Kinsella described the defendant’s arrest and the events preceding it. He said he first saw the defendant when the defendant exited a plane at O’Hare Airport at approximately 8:15 p.m. on July 16, 1986, from a flight that had originated in Orlando, Florida, a source city for narcotics. Kinsella noticed that defendant carried two new suitcases, was wearing a number of gold bracelets and rings, and had on a new T-shirt, new shorts and a pair of high-top gym shoes without socks. The defendant began walking in the direction of the baggage claim area, but looked back over his shoulder at least two times and then stopped and entered the men’s room.

Kinsella discussed the defendant’s behavior with another narcotics agent, A1 Fulkerson, and, following this discussion, Kinsella decided to follow the defendant. When the defendant left the men’s room, he continued to walk toward the baggage claim area but again looked back over his shoulder. When defendant began walking away from the baggage claim area without retrieving any luggage, Kinsella and Agent Joe Gorzkowski walked up alongside the defendant. When Kinsella spoke to the defendant, Gorzkowski merely stood nearby. Kinsella identified himself as a police officer and asked defendant if he could speak with him. The defendant said “Sure” and stopped walking. Kinsella asked the defendant for some identification and for a copy of his airline ticket. The defendant said he had no identification but gave Kinsella a payment receipt for a traffic ticket. This receipt, however, did not have a name or date on it. The defendant’s plane ticket was a one-way ticket from Orlando to Chicago and had been paid for that same day in cash. The defendant told Kinsella that he was unemployed and lived at 660 West Division, which Kinsella knew *640to be a building in the Cabrini-Green housing project. Hicks also said that he had driven down to Florida with a friend for one day and had flown back. Up to this point, Kinsella had not told the defendant why he was being questioned.

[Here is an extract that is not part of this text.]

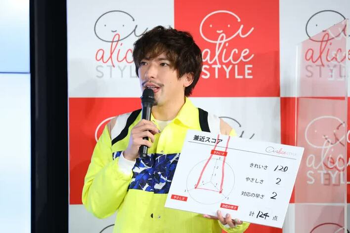 ここで、新サービスのユーザ評価制度「アリススコア」を用いて、お互いを「きれいさ」「やさしさ」「対応の早さ」の3点で採点し合ってもらうことに。
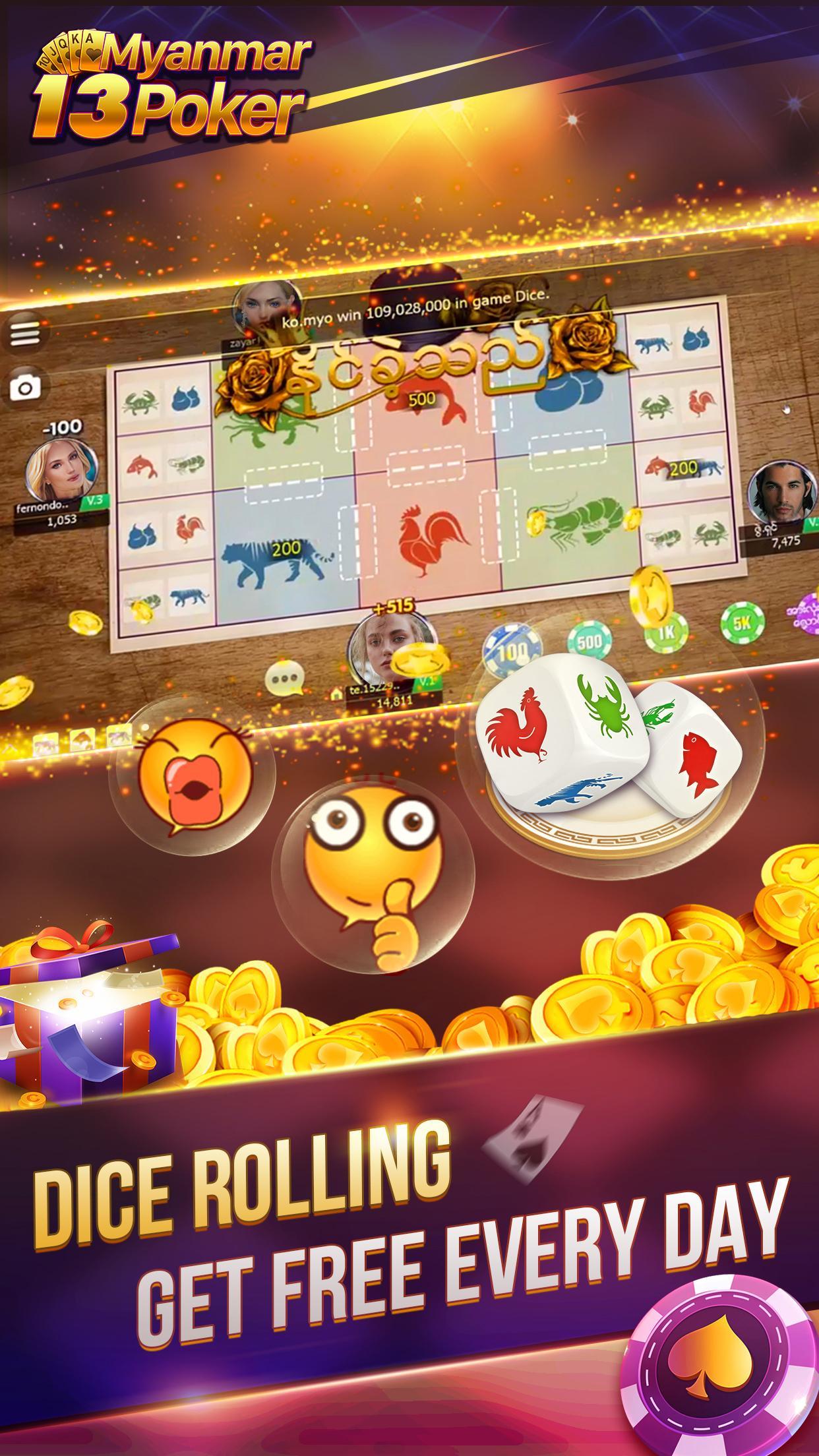 缅甸门户游戏: Myanmar 13 Poker ,Shan Koe Mee,Hoo嘿,缅甸缅甸在线游戏;缅甸13 Shan Nine,Hu Hu,缅甸13张在缅甸的卡片,在最受欢迎的缅甸受欢迎的游戏中发行。玩可能被阻止和丢失的游戏。数据非常放松,互联网很好且易于播放。简单,简单的游戏和新的挑战。如果您的朋友邀请您参加游戏中的500,000筹码和您的朋友。由于您的朋友和您的朋友,您和您的朋友很简单。它是一个有吸引力的游戏。下载缅甸13张卡片并发出奖金。

Immediately after this conversation, Kinsella advised the defendant that they were conducting a narcotics investigation, but Kinsella did not tell the defendant that he was under arrest and instead told the defendant that he was free to leave if he wanted to do so. Kinsella next asked Hicks if he would consent to a search of the two bags he was carrying and also told the defendant that he did not have to consent to the search. The defendant responded, “Yes — go ahead.”

The search of the defendant’s luggage was conducted near the baggage claim area, which was not isolated or removed from the public area of the airport. In the first bag, Kinsella found a small brown glass vial with a spoon attached to the cap. Kinsella knew that vials such as this were commonly used to carry approximately one gram of cocaine. The spoon on the cap of the vial was used to snort the cocaine. Kinsella asked the defendant if he had anything to go with the vial and the defendant replied no.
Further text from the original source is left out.